Insubstantial Pageant

 

Reflecting on the mutable timeline, Manse Everard quotes:

"The cloud-capp'd towers, the gorgeous palaces,
"The solemn empires, the great globe itself,
"Yea, all which it inherit, shall dissolve
"And like this insubstantial pageant faded
"Leave not a wrack behind -

"No! He must never let himself brood so."
-Poul Anderson, "Star of the Sea" IN Anderson, Time Patrol (Riverdale, NY, 2010), pp. 467-640 AT 2, p. 480.

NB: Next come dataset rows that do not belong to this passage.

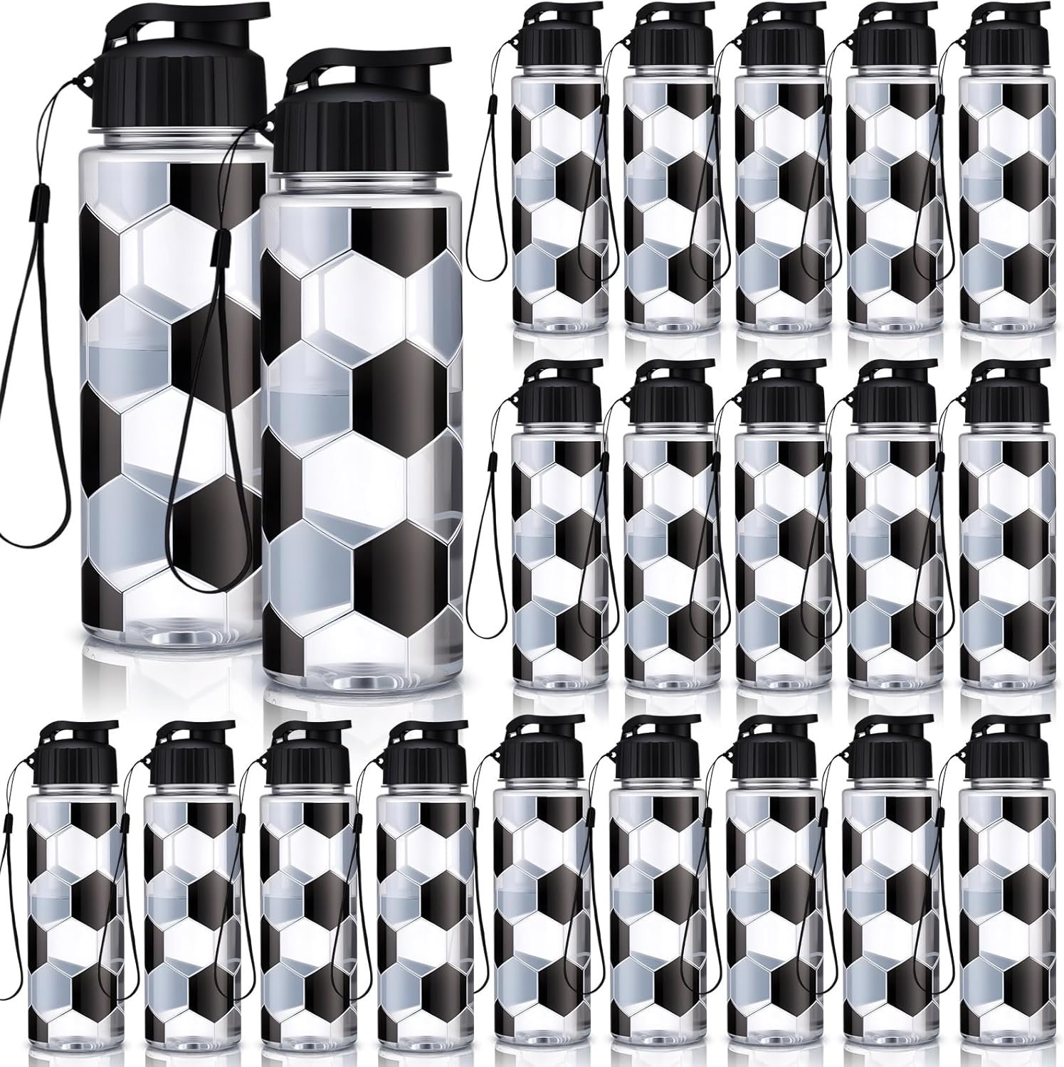 Soccer Themed Design: these water bottles complement the soccer theme, and their classic white black soccer design adds a touch of sophistication to your lifestyle
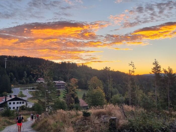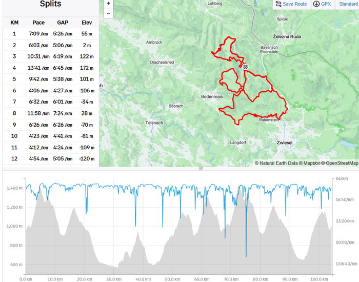 Баварский Лес, где проходит ультрамарафон - это не Альпы. Самая высокая гора, этот самый Арбер - 1400 м. Я предположил, что это должно быть похоже на мой домашний Таунус, ну ок, чуть покруче, но далеко от настоящего высокогорья, как было в Австрии. Даже сомневался, брать ли палки. Общий набор орги обещали 3,700 м на 100 км, причем я сильно подозревал, что врут, преувеличивают, цену себе набивают, как часто бывает.
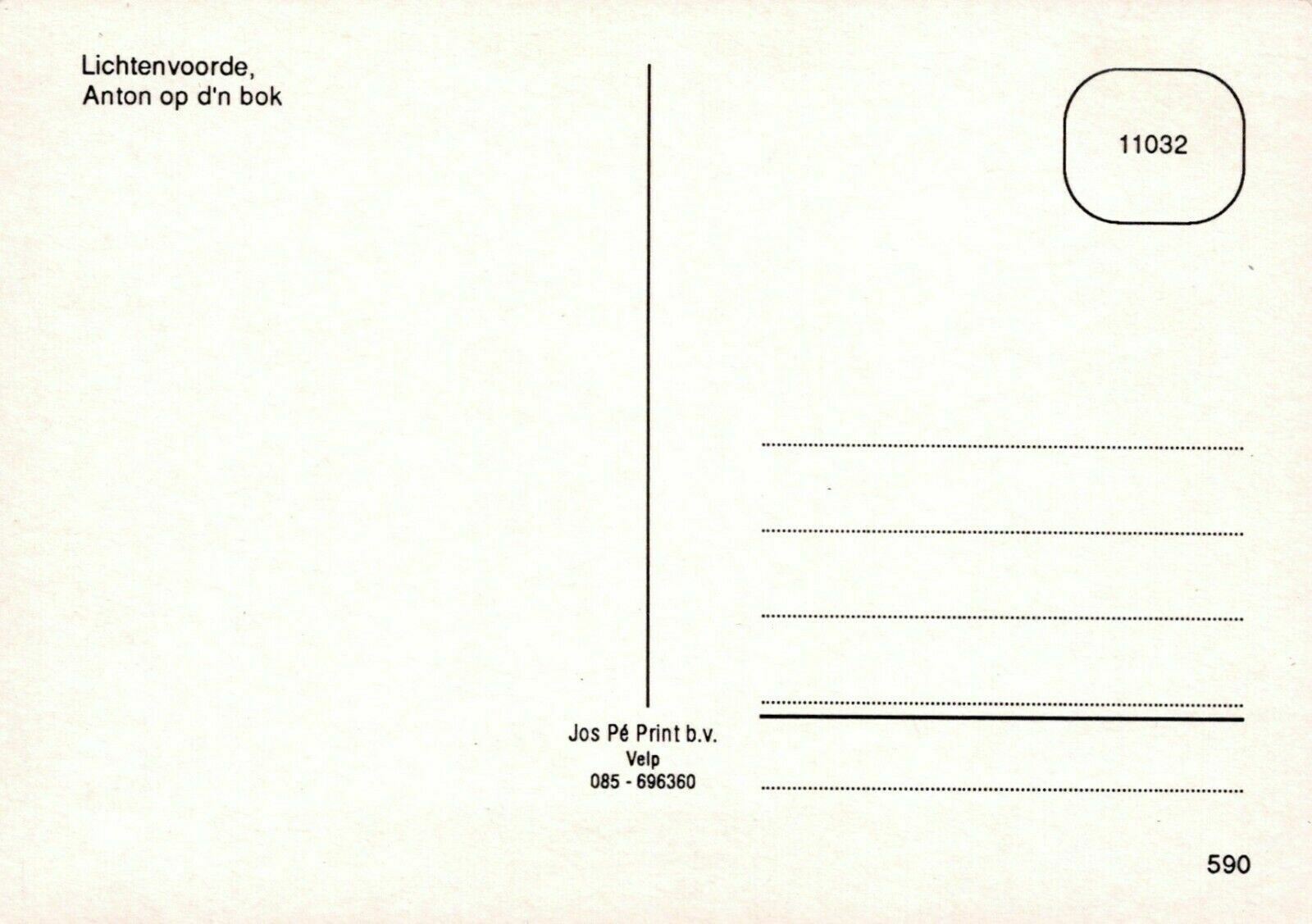 Mo's Postcards Postcard Description: Netherlands Postcard - Lichtenvoorde - Anton Op D'n Bok Defect(s): Postage & Payment: For U.K residents the quoted P & P fee is for any number of postcards purchased at one time. Happy to quote for non UK residents. For multiple purchases please wait for an invoice Listing and template services provided by inkFrog
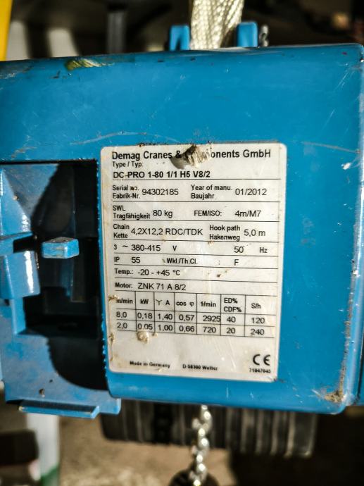 Prodajem električnu lančanu dizalicu - Demag DC-Pro 80kg.
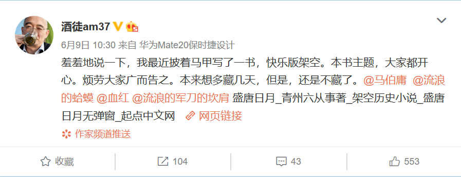 “羞羞地說一下,我最近披著馬甲寫了一書,快樂版架空。本書主題,大家都開心。煩勞大家廣而告之。本來想多藏幾天,但是,還是不藏了?!?月9日,網(wǎng)絡(luò)文學(xué)作家酒徒發(fā)布微博,稱自己正以新筆名“青州六從事”在起點(diǎn)中文網(wǎng)發(fā)布作品《盛唐日月》。眾多作家、讀者轉(zhuǎn)發(fā)評(píng)論, “暗搓搓的小心機(jī)”,“歡迎回歸”。
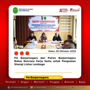 Banjarnegara – Rabu, 29 Oktober 2025. Dalam rangka memperkuat koordinasi antarinstansi penegak hukum dan pelayanan publik, Pengadilan Agama Banjarnegara menghadiri Rapat Koordinasi bersama Kepolisian Resor (Polres) Banjarnegara. Pertemuan ini merupakan tindak lanjut dari inisiatif penyusunan naskah kerja sama (MoU) antara kedua lembaga, yang bertujuan untuk memperkuat sinergi kelembagaan dan meningkatkan efektivitas layanan kepada masyarakat.
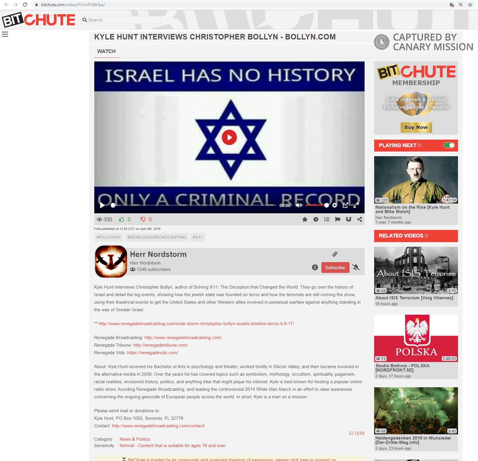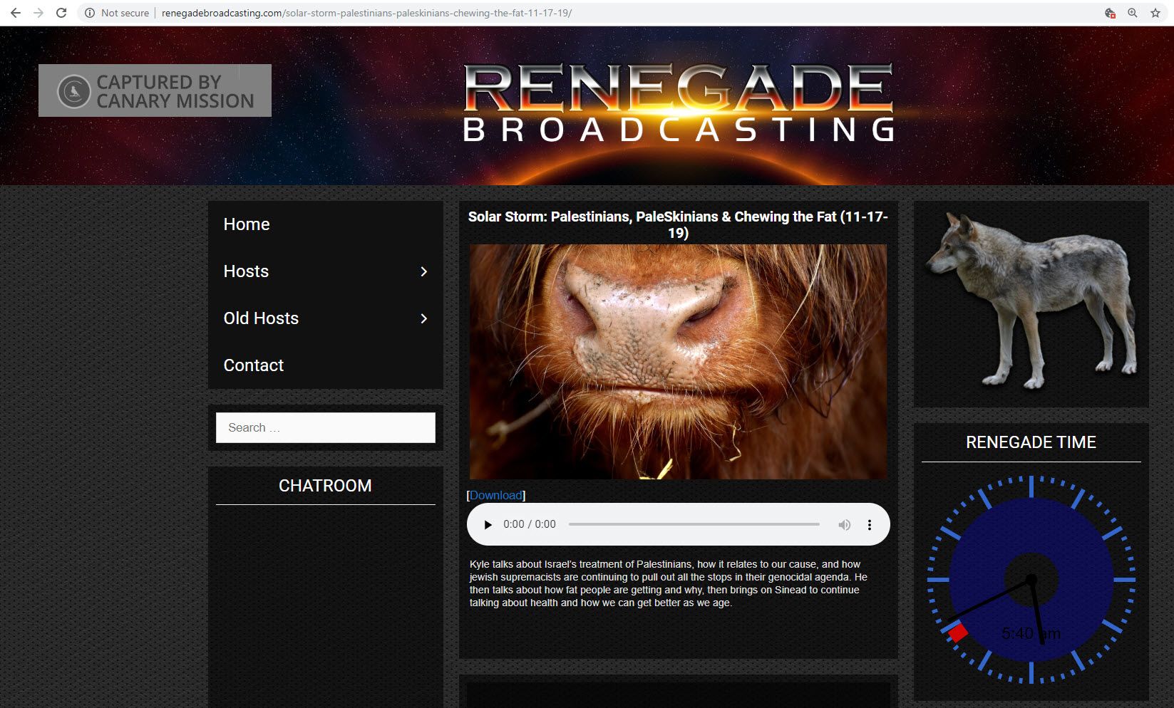 On November 17, 2019, Hunt aired a podcast on Renegade Broadcasting, titled: “Solar Storm: Palestinians, PaleSkinians & Chewing the Fat.”The podcast description said: “Kyle talks about Israel’s treatment of Palestinians, how it relates to our cause, and how jewish supremacists are continuing to pull out all the stops in their genocidal agenda.”
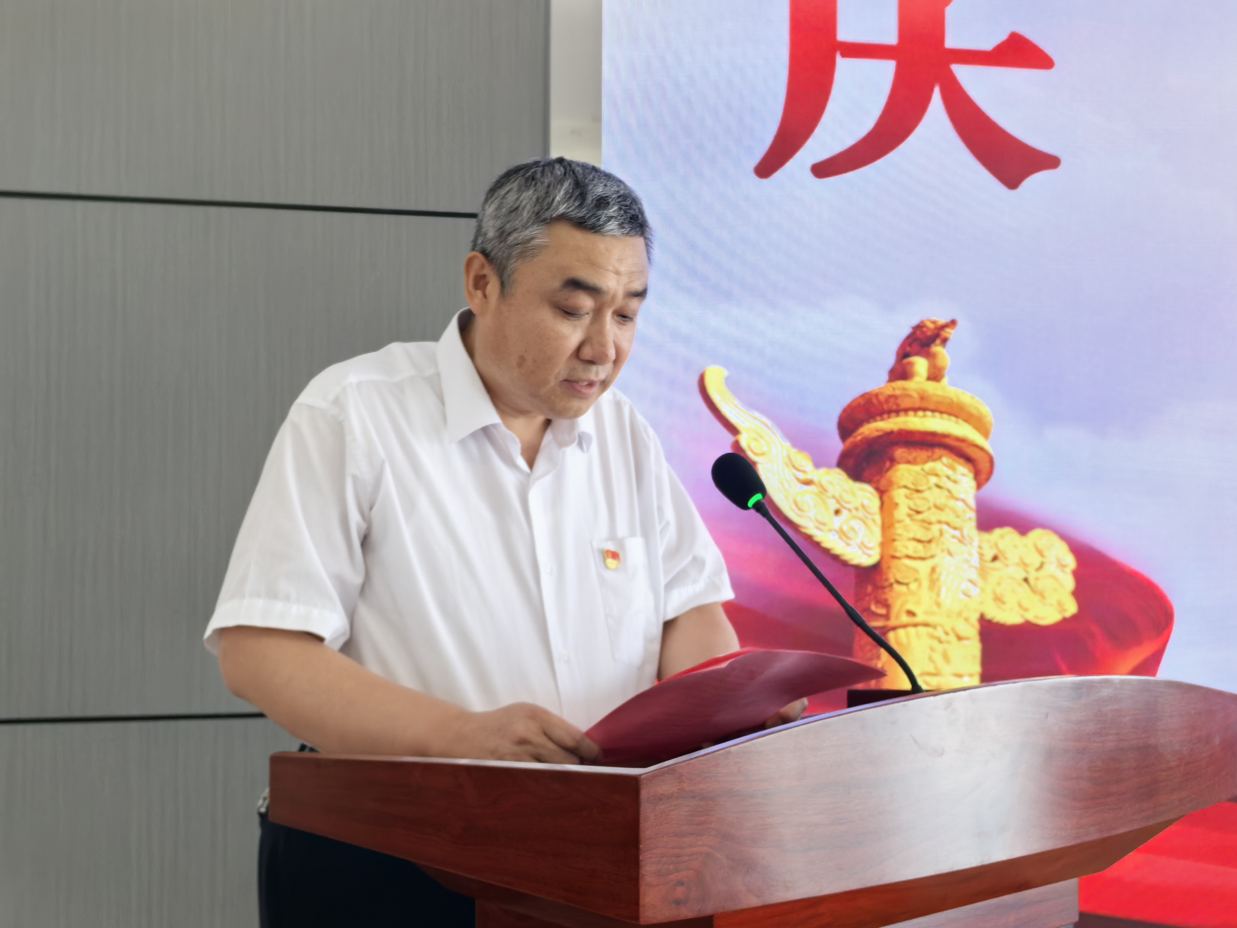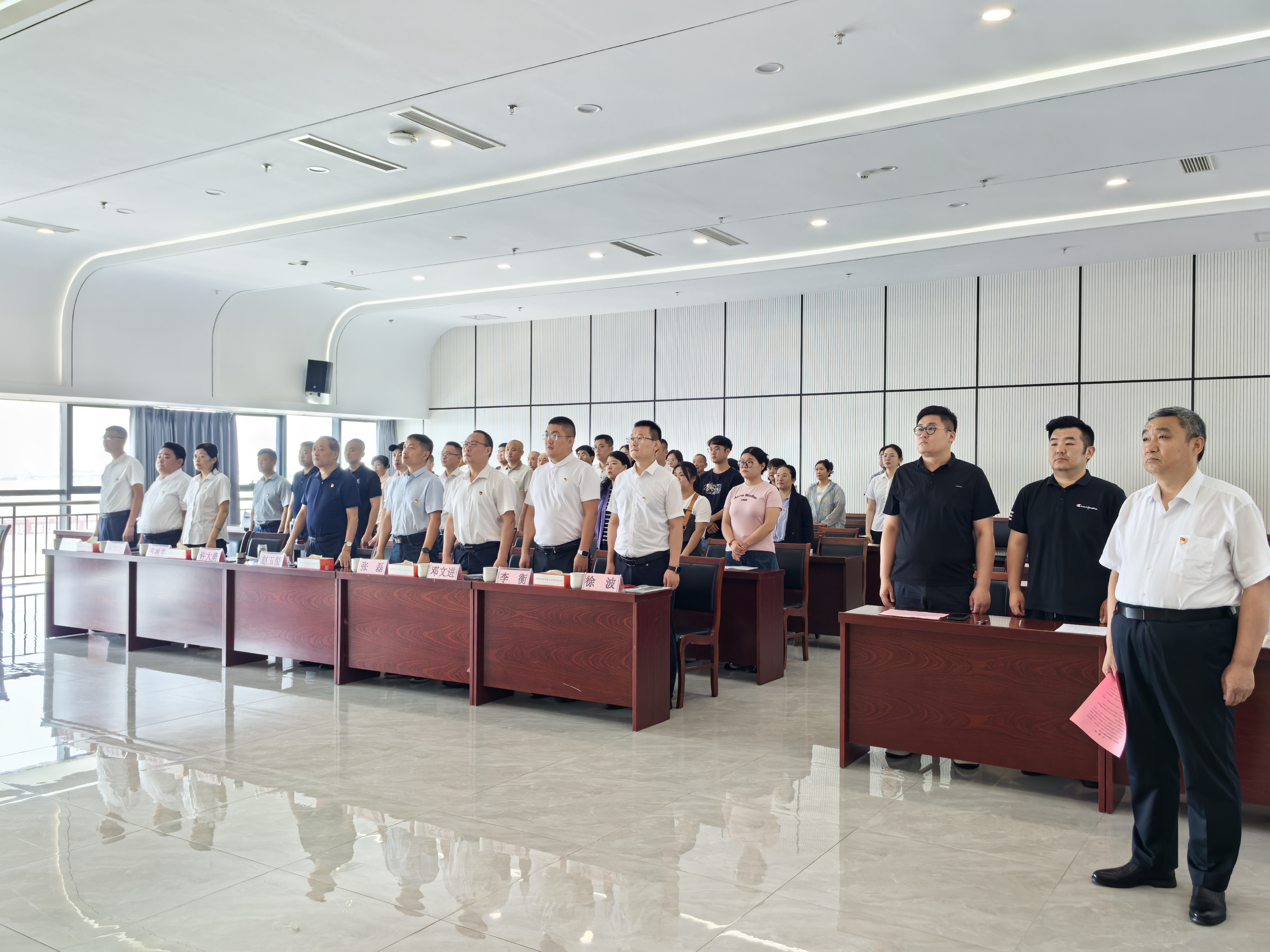 大會(huì)在莊嚴(yán)雄壯的國(guó)歌聲中拉開序幕。激昂的旋律響徹會(huì)場(chǎng),澎湃的愛國(guó)愛黨熱情在每個(gè)人心中激蕩。這一神圣時(shí)刻,不僅是對(duì)偉大祖國(guó)的深情禮贊,更是全體黨員重溫入黨初心、堅(jiān)定理想信念的精神洗禮,激勵(lì)著大家以更加飽滿的熱情和昂揚(yáng)的斗志投身于新時(shí)代的偉大征程。
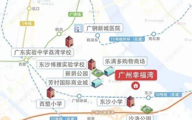 项目目前现有地铁是1号线西塱站距离项目大约3.5公里,周边还有10、11、22号线(在建中)三地铁交汇,其中距离10号线东沙站仅约600米(预计2024年底开通),串联天河白云越秀荔湾和海珠区,连接广州火车站、广州东站等大型交通枢纽,便捷出行;

In January, 1611, William Shakespeare asks Anne Shakespeare, who is plucking a goose, to listen to what he has just written:

Shakespeare: Our revels now are ended. These our actors, as I foretold you, were all spirits, and are melted into air, into thin air;
 
Shakespeare: And, like the baseless fabric of this vision, the cloud-capp'd towers, the gorgeous palaces, the solemn temples, the great globe itself,
 
Shakespeare: Yea, all which it inherit, shall dissolve and, like this insubstantial pageant faded, leave not a rack behind.
 
Prospero: We are such stuff as dreams are made on, and our little life is rounded with a sleep.
 
Shakespeare: There. Is that not fine?
-Neil Gaiman, "The Tempest" IN Gaiman, The Sandman: The Wake (New York, 1997), pp. 146-184 AT p. 172, panels 4-5; p. 173, panels 1-3.
 
It is fine to read Shakespeare in two such different contexts.

1 comment:

Sean M. Brooks said...

Kaor, Paul!

And five thousands from nnow, in THE LONG WAY HOME, we see a futuristic survival of the famous "to be or not to be" soliloquy from Shakespeare's HAMLET.